Оккупанты лезли по трупам своих товарищей: командир ДШВ Вадим Швед о боях за Донецкий аэропорт

О службе, боях за Донецкий аэропорт и о начале полномасштабной войны в интервью специальному корреспонденту ICTV Владимиру Рунцу рассказал командир самоходного артиллерийского дивизиона 79 отдельной аэромобильной бригады ДШВ, майор Вадим Швед.
О музыкальном увлечении
— Я знаю о ваших музыкальных увлечениях. На чем играете?
— Играю на гитаре. Акустическая гитара, конечно. Могу играть на бас-гитаре. Также, когда учился в судостроительном лицее принимал участие в местном духовом оркестре. Также там играл на альте, на трубе. У нас там был художник-руководитель, который набирал людей и сам же обучал. Потом ездили и выступали, честь лицея отстаивали.
— Немалый список музыкальных инструментов. Не было желания построить музыкальную карьеру?
— Да нет. Я не заканчивал ни одной музыкальной школы. Меня старший брат научил. Он также самоучка. Он этим увлекался, любил это. Гитара, это было его все. А я, как младший брат, постоянно вокруг него бегал. Он меня немного учил — и я себе начал дальше развиваться понемногу.
О службе
— А откуда на вашем горизонте взялась армия?

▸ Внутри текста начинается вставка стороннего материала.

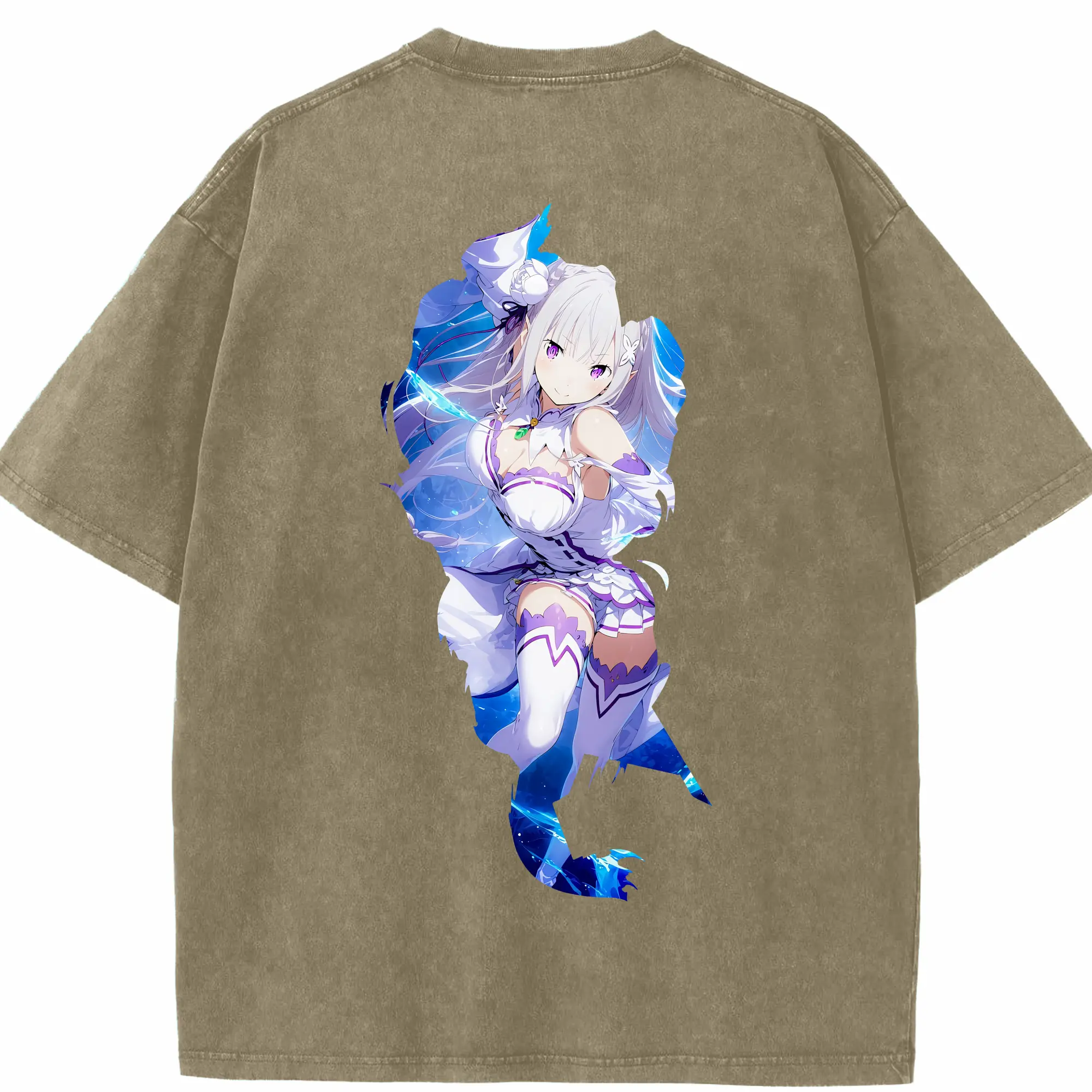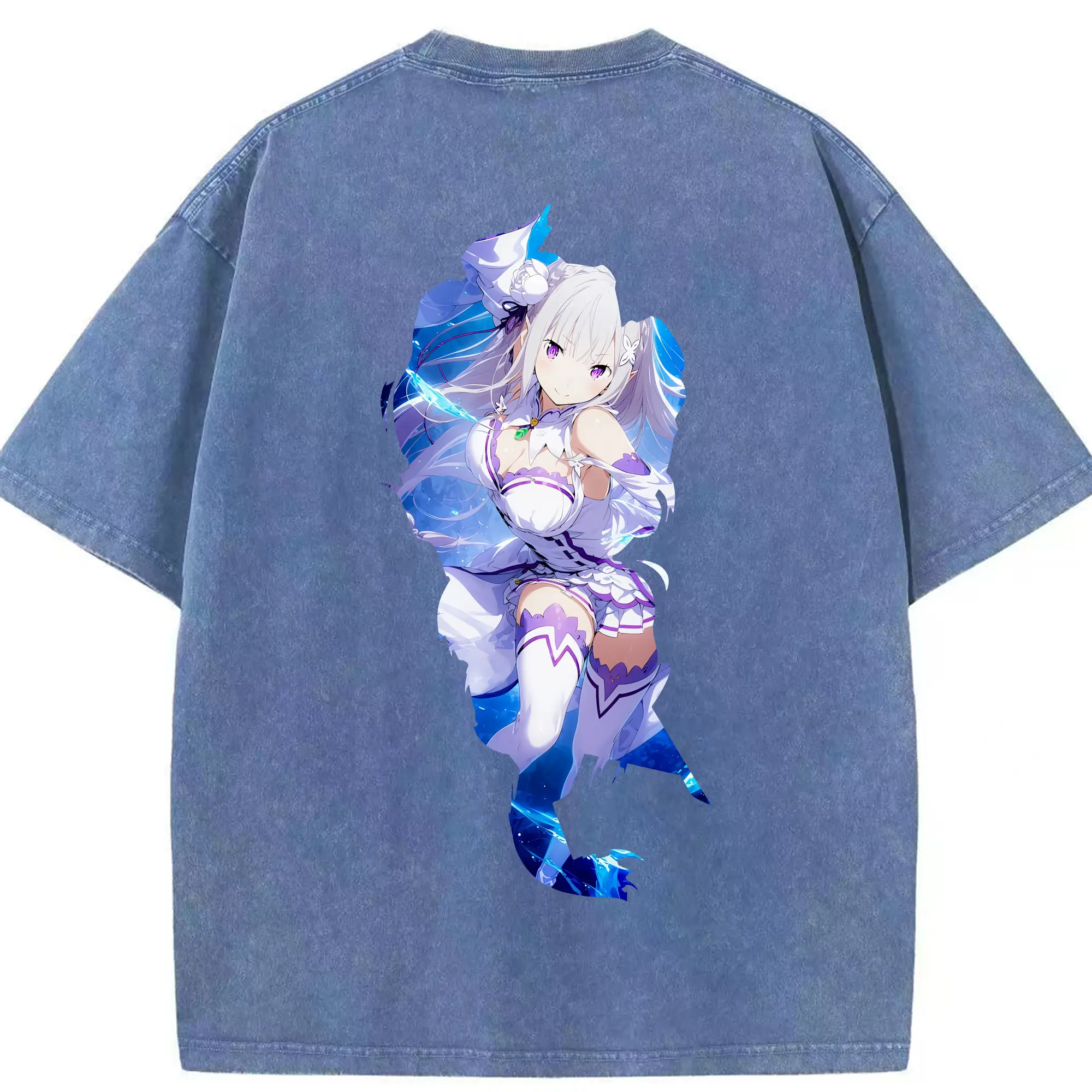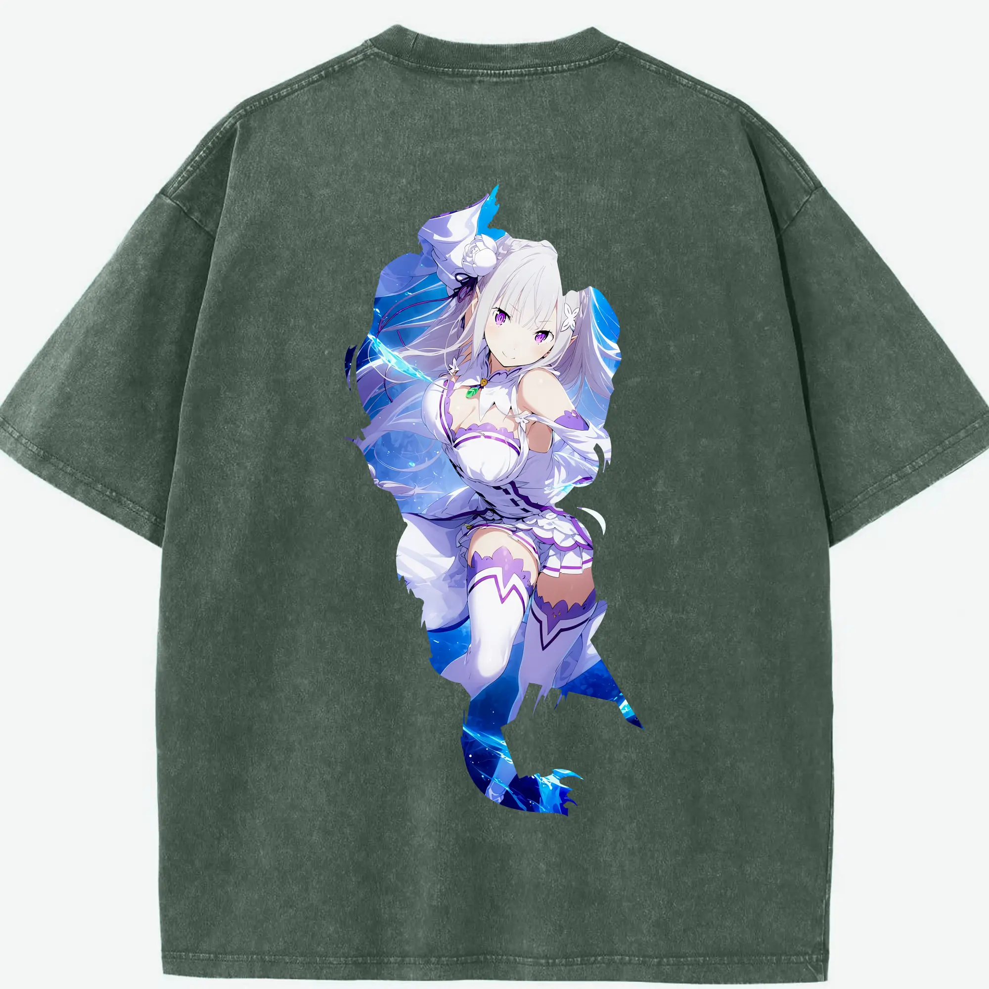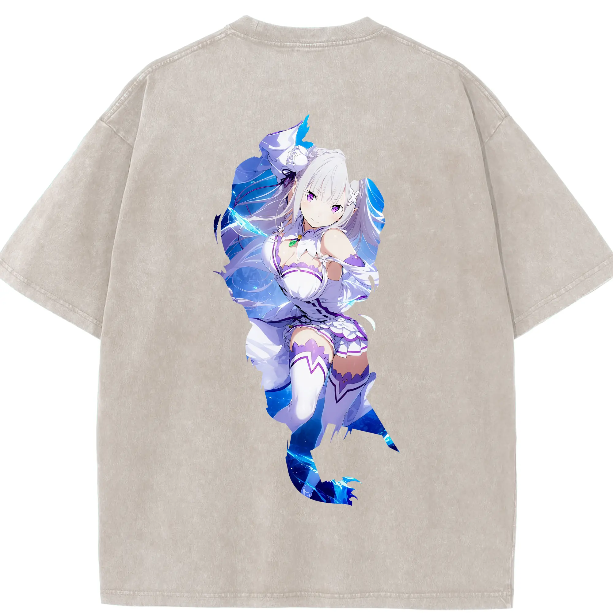 リゼロ グッズ エミリア - 綿100% 半袖Tシャツ ・ バックプリント ・ 快適 通気性 ・ 日常使い 散歩 スポーツ用

— Срочная военная служба в 2009 году. Мне исполнилось 18 лет. Я пошел срочником в военкомат, в армию. Попал служить в нашу 79 отдельную десантно-штурмовую бригаду, второй батальон. И проходил там срочную военную службу. Может, за месяц где-то до демобилизации я принял решение, подписал контракт с воинской частью и остался. Все время в 79 бригаде. Исключение — это 4 года обучения в Национальной академии сухопутных войск имени гетмана Петра Сагайдачного во Львове. С 2015 по 2019 год я проходил обучение, где получил специальность артиллериста, офицера.
О начале войны
— Смотрите, вы идете в армию, в мирное время. Там даже еще не было обострений каких-то отношений с Россией. Были, конечно, определенные политические споры, но еще даже не были подписаны харьковские соглашения, когда они в 2010 году увеличивают свой контингент в Крыму и уже начинают к чему-то готовиться. И тут в 2014 году начинается война. Где она вас застала?

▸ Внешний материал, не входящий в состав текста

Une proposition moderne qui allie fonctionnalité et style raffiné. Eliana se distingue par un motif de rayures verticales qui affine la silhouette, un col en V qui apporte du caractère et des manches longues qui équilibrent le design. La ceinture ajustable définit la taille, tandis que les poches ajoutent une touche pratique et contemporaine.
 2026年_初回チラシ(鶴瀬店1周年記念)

— Начало 2014 года. Застала она меня в обычный будний день в военной части. И если быть точным, где-то, наверное, 3 марта, если меня память не подводит, воинскую часть подняли по тревоге. Я, как обычный военный, выполнял задачи, которые давали командиры. Готовились к выполнению боевых задач.
— Какие у вас были первые боевые задачи?
— Первые боевые задачи — мы организовали блокпосты, перекрытие с Перешейка, из Крыма. Это Николаевская область, перед Армянском. Строили какую-то линию. В том числе, мое подразделение, я на тот момент служил в минометной батарее.
— И тут вы попадаете на Донбасс, как и когда?
— Да. В ближайшее время наше подразделение было переброшено в Донецкую область, где мы провели подготовку. Это июнь 2014 года. И первое задание, которое получило там мое подразделение, это было освобождение Лимана. Заходили колоннами в составе подразделения. Были бои, там сепаратисты на блокпостах прорвались с боями, блокпосты уничтожали. Заходили в город, сразу его брали в кольцо и проводили зачистку.
— Вы из так называемой целевой аудитории Путина, это русскоязычного региона, тем более вы в рядах Вооруженных Сил Украины. Как это все тогда вами воспринималось? Путин, мол, мы защищаем там от фашистов и так далее. А вы, де-факто, видели всю реальность на поле боя?
— Как для меня, нет разницы, кто русскоязычный — юг, запад Украины. Мы все — украинцы. А в первую очередь, я — военный, я давал, принимал присягу на верность украинскому народу. И мне неважно, как он говорит. Если он украинец, то он украинец.
— Были к вам какие-то там претензии, вопросы? Часто местные в Донецкой области обращались к военным, мол, чего вы сюда приехали? У вас был аргумент, вы же с юга, вы же не с Западной Украины?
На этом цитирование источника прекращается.